Knowing how to play the 12-bar blues can help with WHAT?! Do you know how to play an instrument? If so, research suggests that you may have an advantage in noise perception both on a behavioural level and on a neural level.
Research shows that long-term musical training helps with speech perception in noisy environments. Specifically, musical training can lead to better auditory encoding, speech motor prediction, and auditory-motor integration that in turn leads to better speech perception. When someone does musical training, their brain develops more enhanced synchronous firing of neurons, more efficient processing of speech, and more neural representations along the ascending auditory pathway (Gazzaniga et al., 2002). In other words, the brain becomes more finely tuned to listening!

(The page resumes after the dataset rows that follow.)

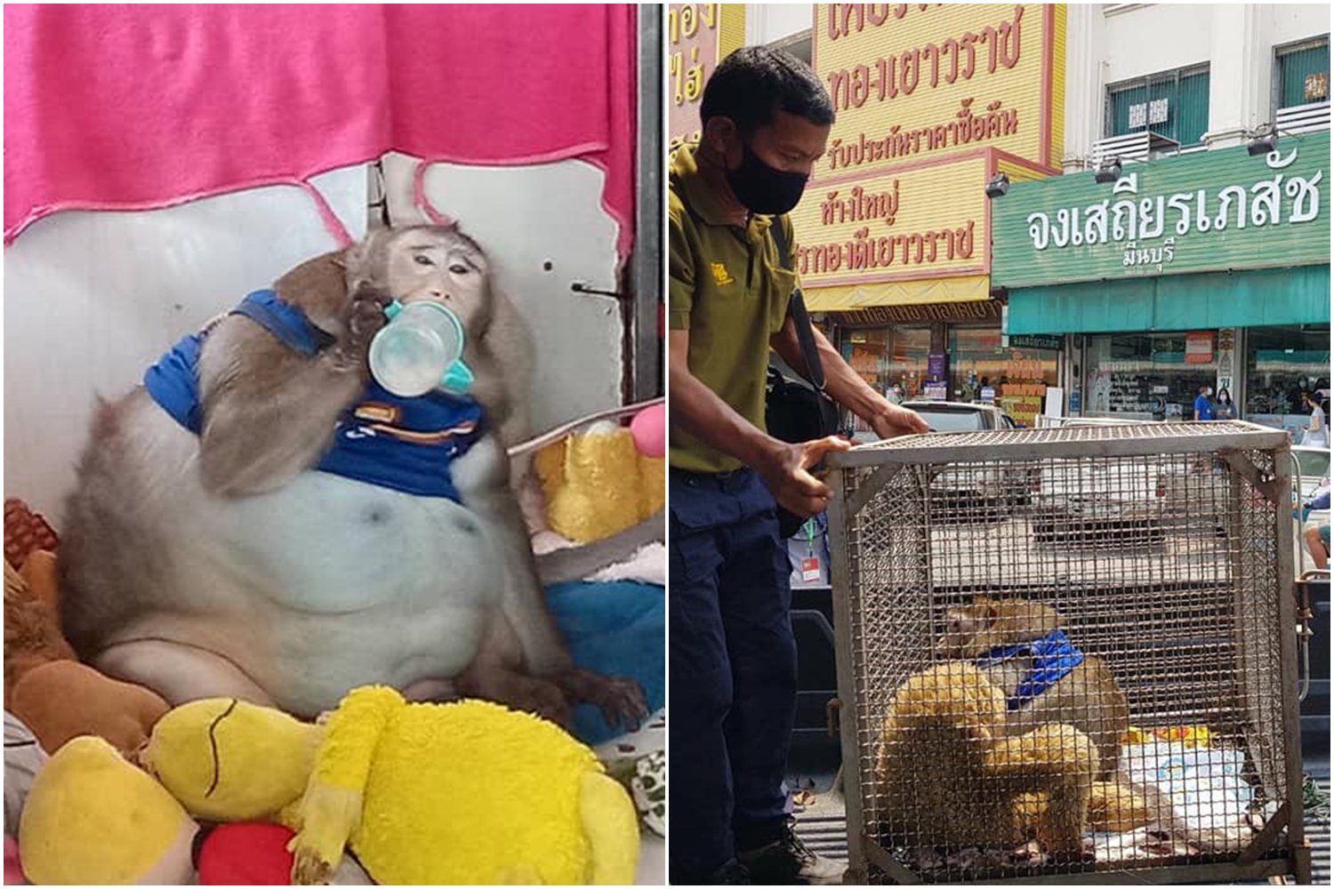เจ้าของส่งมอบ "ก๊อตซิล่า" ลิงอ้วนในตลาดมีนบุรี ให้เจ้าหน้าที่กรมอุทยานไปดูแล หลังอ้วนเกินมาตรฐาน เจ้าของเผยรักเหมือนลูก นำมาเลี้ยงหลังพ่อแม่ลิงถูกรถชนตาย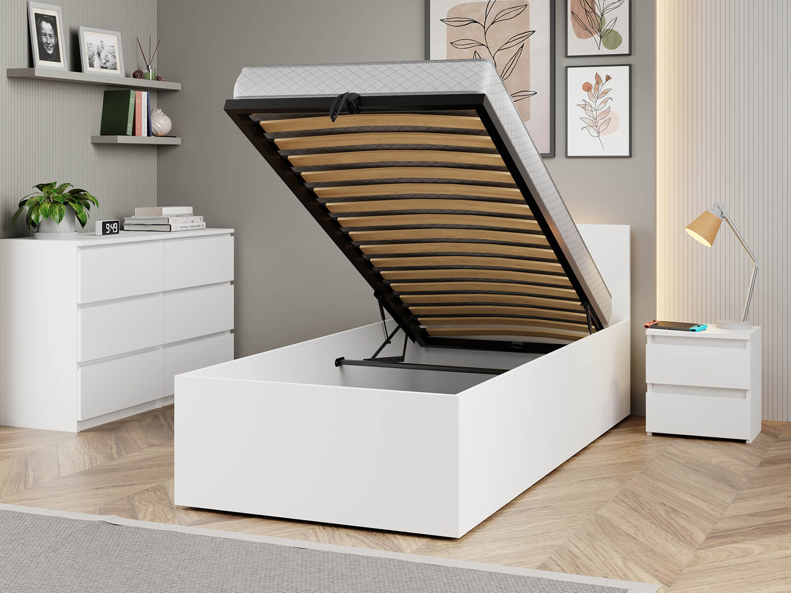 Postel DM1 90x200 s roštem a úložným prostorem, bílá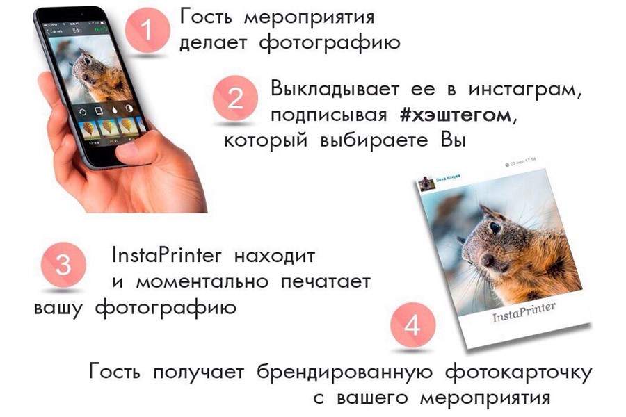 Практически на каждой свадьбе кто-нибудь из гостей делает фото на телефон и, помечая их тегами, отправляет в «Instagram». Эти снимки можно просмотреть с помощью мобильных устройств или компьютера. Но не многие знают, что фотографии из «Instagram» можно распечатать прямо во время свадебной церемонии! Агентство «EventGroup39.ru» предлагает в аренду оборудование для моментальной печати инстаграм-снимков — инстапринтер. Этот удивительный аппарат, который помещается на небольшом столе, станет настоящим развлечением для гостей церемонии. После того как они отправят в «Instagram» снимок с определенным #хэштегом или с заданной геолокацией, инстапринтер за 30 секунд найдет и распечатает эту фотографию, оформив ее в стиле свадьбы. Кроме этого, последние снимки, загруженные в инстапринтер, можно вывести на проектор или плазменный экран. А после окончания мероприятия есть возможность сохранить все фото на диск или флеш-накопитель. Корпус инстапринтера подсвечивается изнутри, причем цвет молодые могут выбрать заранее, исходя из оформления своей свадьбы. Инстапринтер — идеальное предложение для молодоженов, которые хотят удивить и порадовать своих гостей. Стоимость аренды принтера — от 6 тыс рублей.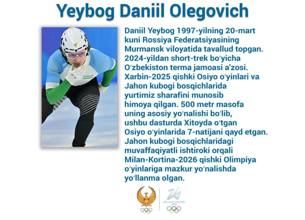 Saralash musobaqalari yakuniga ko‘ra, o‘zbekistonlik sportchilar figurali uchish, tog‘ chang‘isi va short-trek yo‘nalishlarida Olimpiada talablarini bajargan edi. Italiyaga boradigan tarkibda 2004-yilda tug‘ilgan Medet Nazarov (tog‘ chang‘isi) va tajribali Danil Yeybog (short-trek) bor. Nazarov slalom va gigant-slalomda qatnashsa, Yeybog 500 metr masofada bellashadi.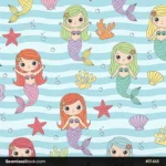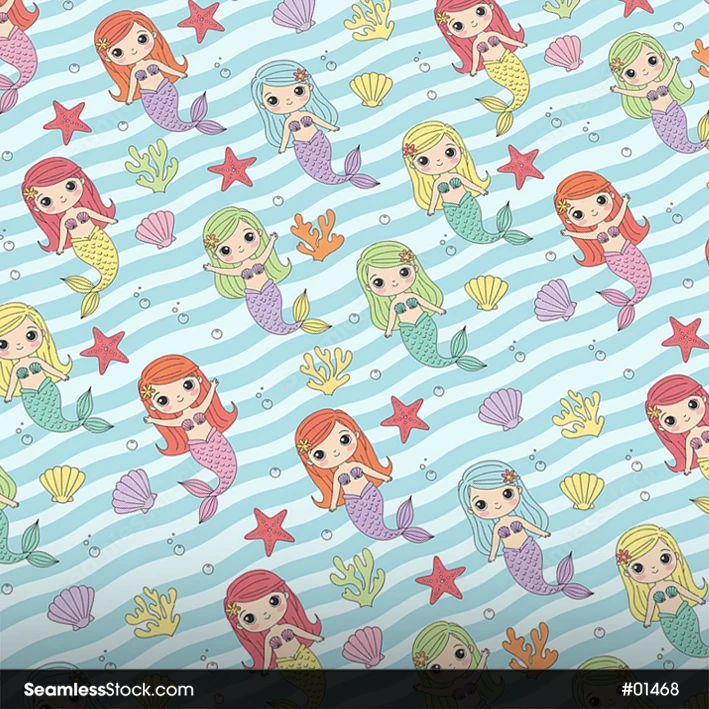 Fun and ocean themed, this mermaids on wavy background seamless pattern is perfect for children decor, textiles, stationery, and colorful creative designs. 🐚🌊✨
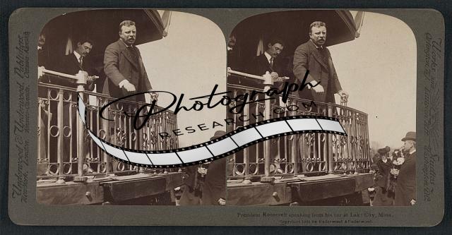 Photo of Stereograph,President Theodore Roosevelt,Train,Lake City,Minnesota,1903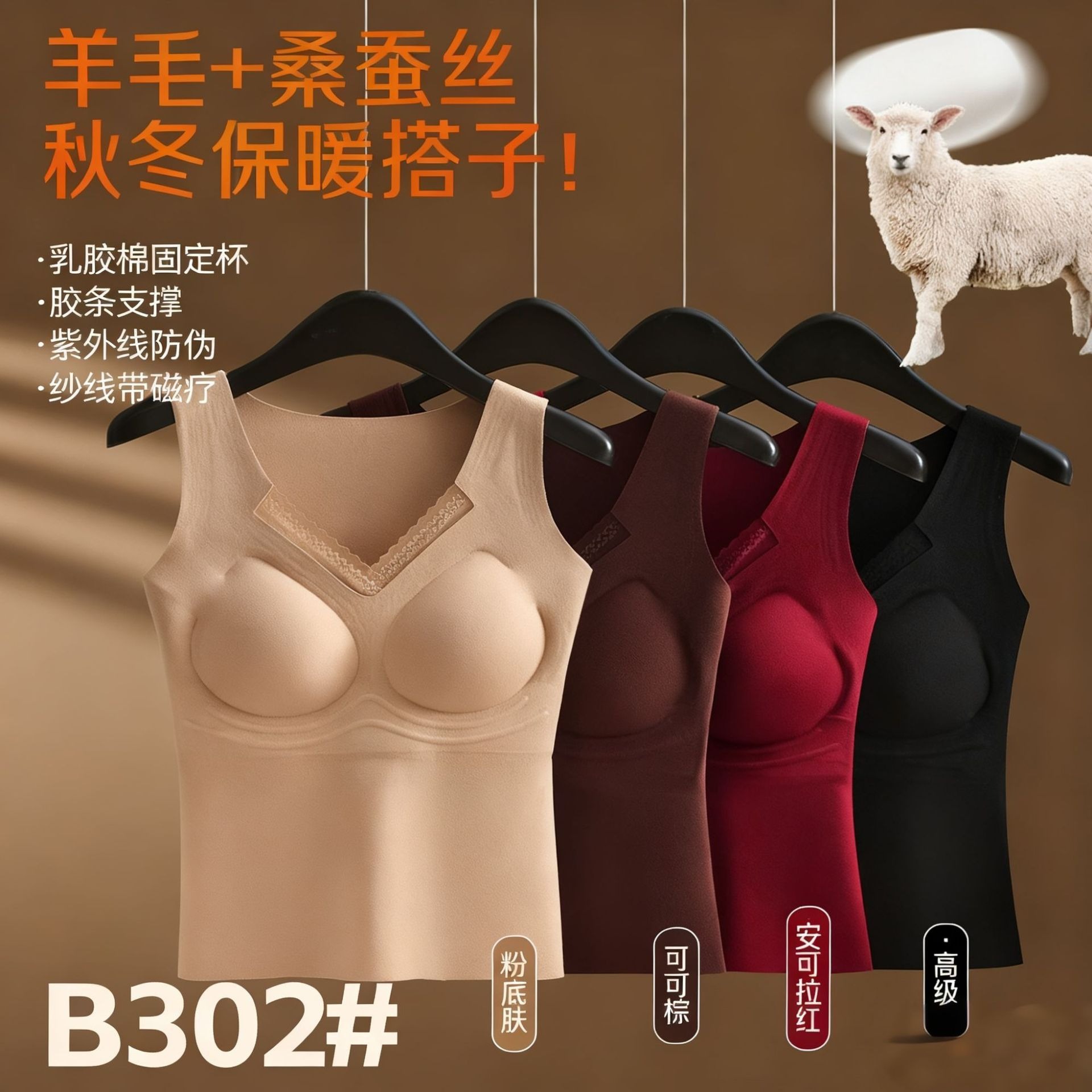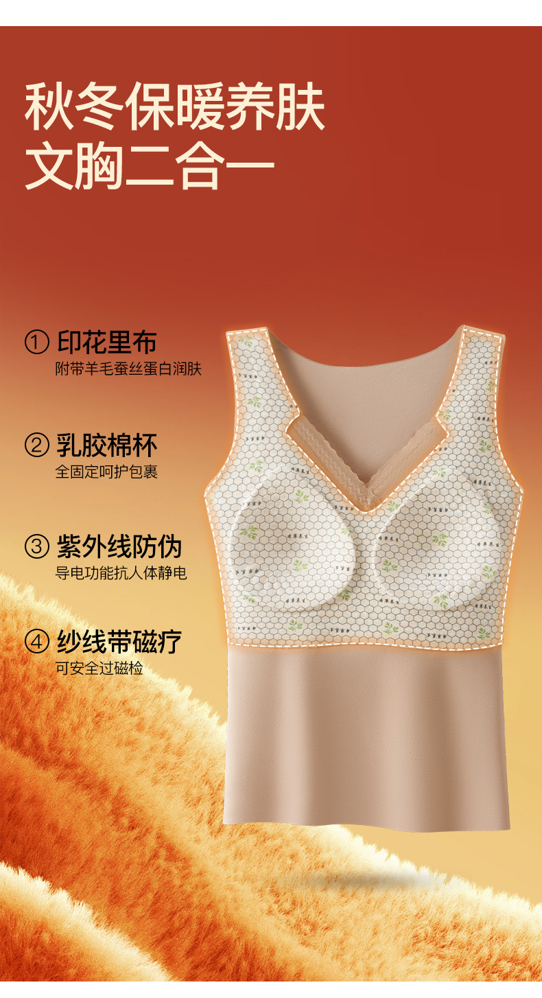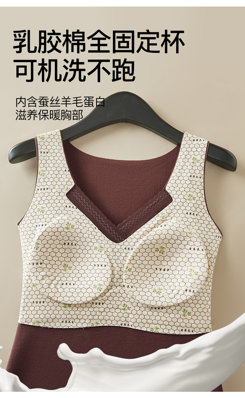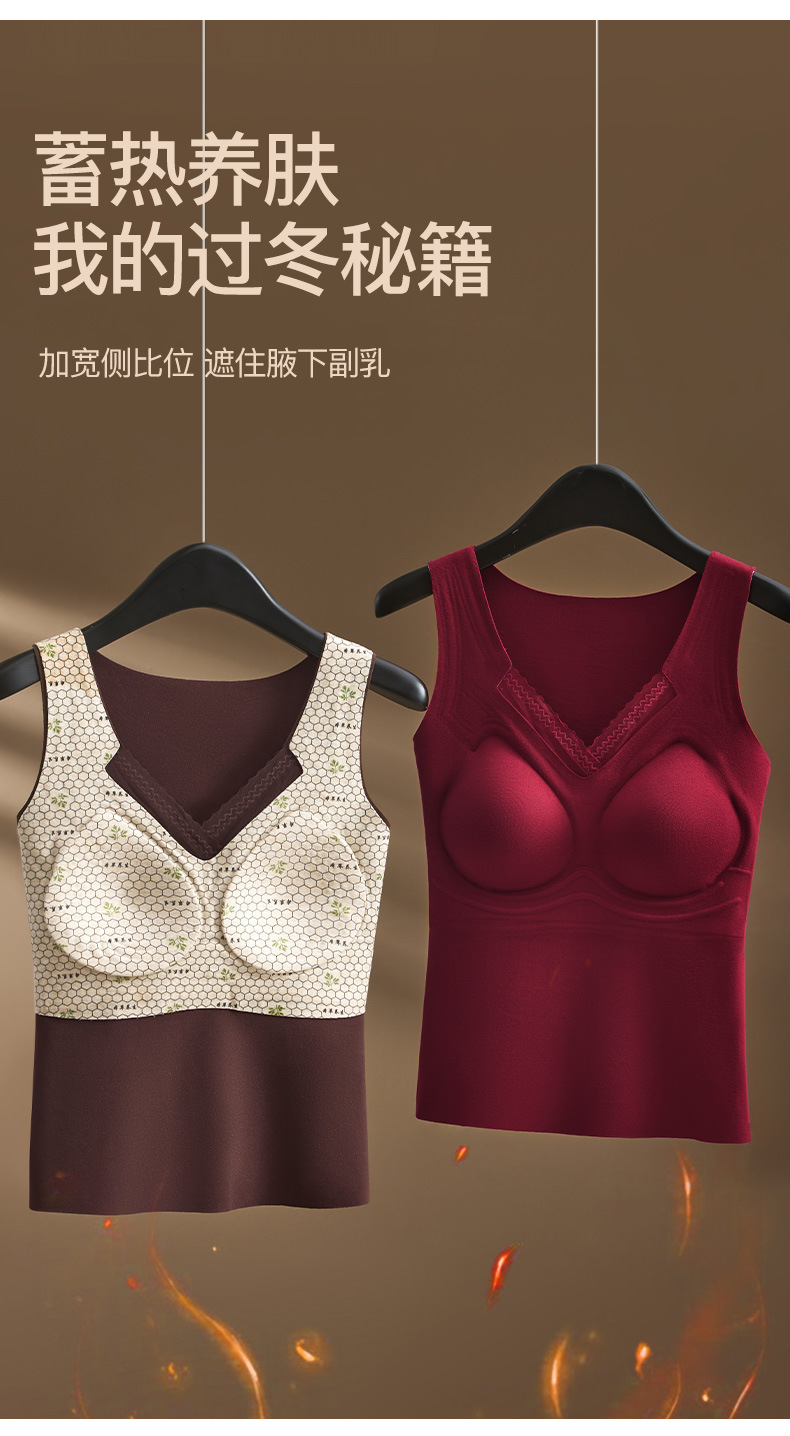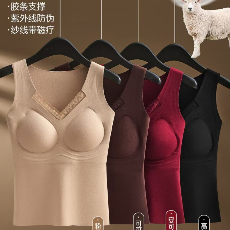 6668冬季新款保暖内衣羊绒保暖背心女带胸垫收副乳内搭秋加绒

Why does musical training help speech perception? Well, speech and music share the same brain circuitry, so training one, trains the other. Furthermore, music exerts additional demands on your neural circuitry; learning an instrument is hard work and takes effort, and this effort strengthens the listening section of your brain. In addition, musical training forces a participant to pay close attention to small details in sound, further strengthening the listening part of your brain. Musicians have better speech perception in noise than non-musicians because they hone their pitch matching abilities. These same skills are used to hear the human voice embedded in a background of other voices.
Maybe it’s time to learn an instrument: It can help your hearing and your brain! Any instrument can work, even your voice!